- Brief
The reply should contain all the data below, repeated exactly, and none of the images.

- Records excerpted from a collection
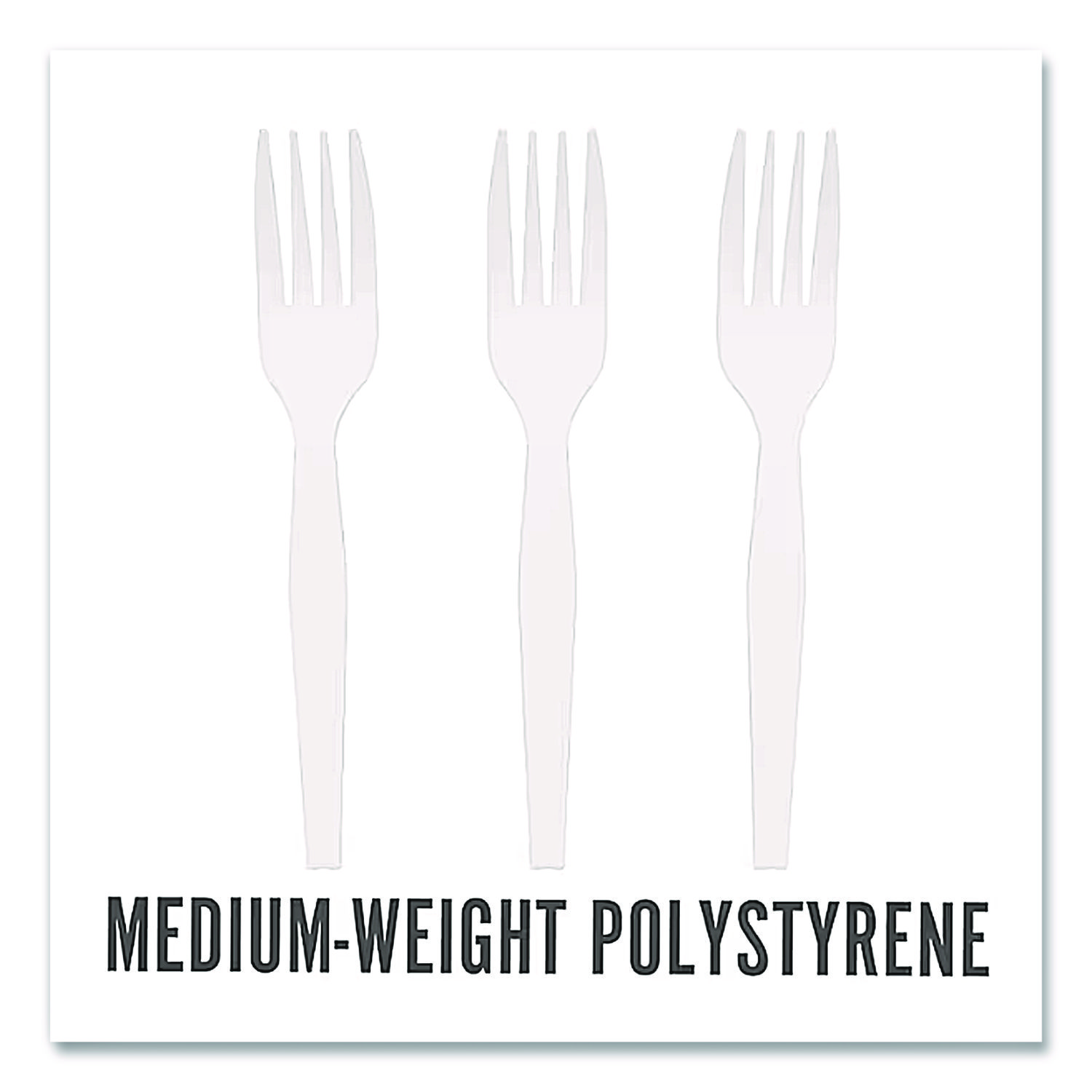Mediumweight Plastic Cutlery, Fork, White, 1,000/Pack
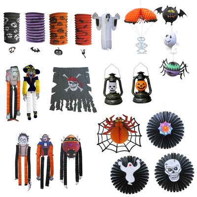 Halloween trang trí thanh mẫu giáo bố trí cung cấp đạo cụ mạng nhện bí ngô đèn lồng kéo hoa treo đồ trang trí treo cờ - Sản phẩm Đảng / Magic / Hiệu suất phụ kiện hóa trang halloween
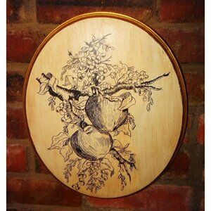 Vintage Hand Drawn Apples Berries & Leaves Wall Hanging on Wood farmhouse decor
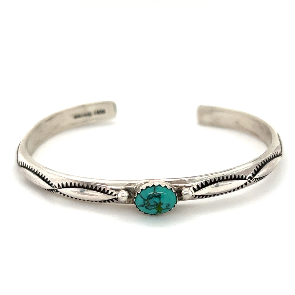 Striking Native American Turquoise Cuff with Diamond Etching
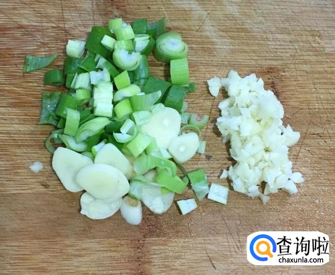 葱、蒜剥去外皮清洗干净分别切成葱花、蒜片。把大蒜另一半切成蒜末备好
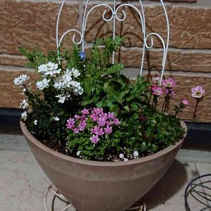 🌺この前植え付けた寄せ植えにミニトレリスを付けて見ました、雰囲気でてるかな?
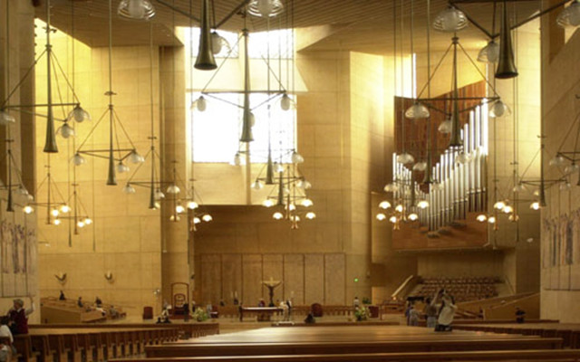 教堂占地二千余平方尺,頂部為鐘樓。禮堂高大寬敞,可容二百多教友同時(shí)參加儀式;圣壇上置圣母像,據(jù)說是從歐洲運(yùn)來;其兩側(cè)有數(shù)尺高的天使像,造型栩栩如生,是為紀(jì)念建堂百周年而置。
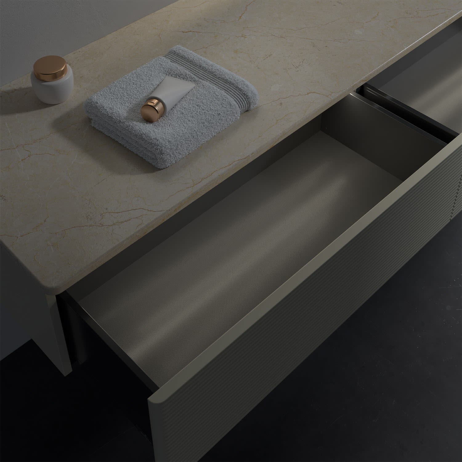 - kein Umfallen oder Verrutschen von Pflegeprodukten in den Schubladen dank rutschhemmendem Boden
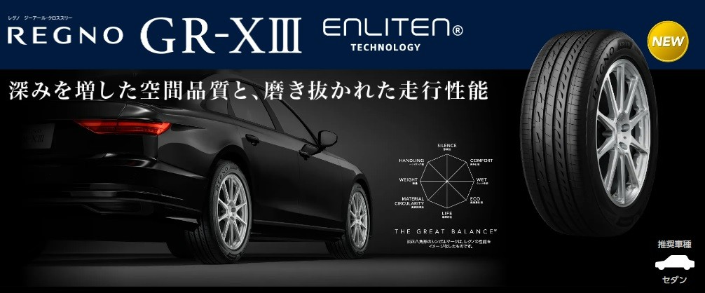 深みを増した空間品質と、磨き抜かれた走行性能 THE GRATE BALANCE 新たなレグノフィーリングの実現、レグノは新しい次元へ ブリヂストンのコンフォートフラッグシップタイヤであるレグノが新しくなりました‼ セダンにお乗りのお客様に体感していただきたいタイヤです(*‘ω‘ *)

- Solution to the problem
Mediumweight Plastic Cutlery, Fork, White, 1,000/Pack
 Halloween trang trí thanh mẫu giáo bố trí cung cấp đạo cụ mạng nhện bí ngô đèn lồng kéo hoa treo đồ trang trí treo cờ - Sản phẩm Đảng / Magic / Hiệu suất phụ kiện hóa trang halloween
 Vintage Hand Drawn Apples Berries & Leaves Wall Hanging on Wood farmhouse decor
 Striking Native American Turquoise Cuff with Diamond Etching
 葱、蒜剥去外皮清洗干净分别切成葱花、蒜片。把大蒜另一半切成蒜末备好
 🌺この前植え付けた寄せ植えにミニトレリスを付けて見ました、雰囲気でてるかな?
 教堂占地二千余平方尺,頂部為鐘樓。禮堂高大寬敞,可容二百多教友同時(shí)參加儀式;圣壇上置圣母像,據(jù)說是從歐洲運(yùn)來;其兩側(cè)有數(shù)尺高的天使像,造型栩栩如生,是為紀(jì)念建堂百周年而置。
 - kein Umfallen oder Verrutschen von Pflegeprodukten in den Schubladen dank rutschhemmendem Boden
 深みを増した空間品質と、磨き抜かれた走行性能 THE GRATE BALANCE 新たなレグノフィーリングの実現、レグノは新しい次元へ ブリヂストンのコンフォートフラッグシップタイヤであるレグノが新しくなりました‼ セダンにお乗りのお客様に体感していただきたいタイヤです(*‘ω‘ *)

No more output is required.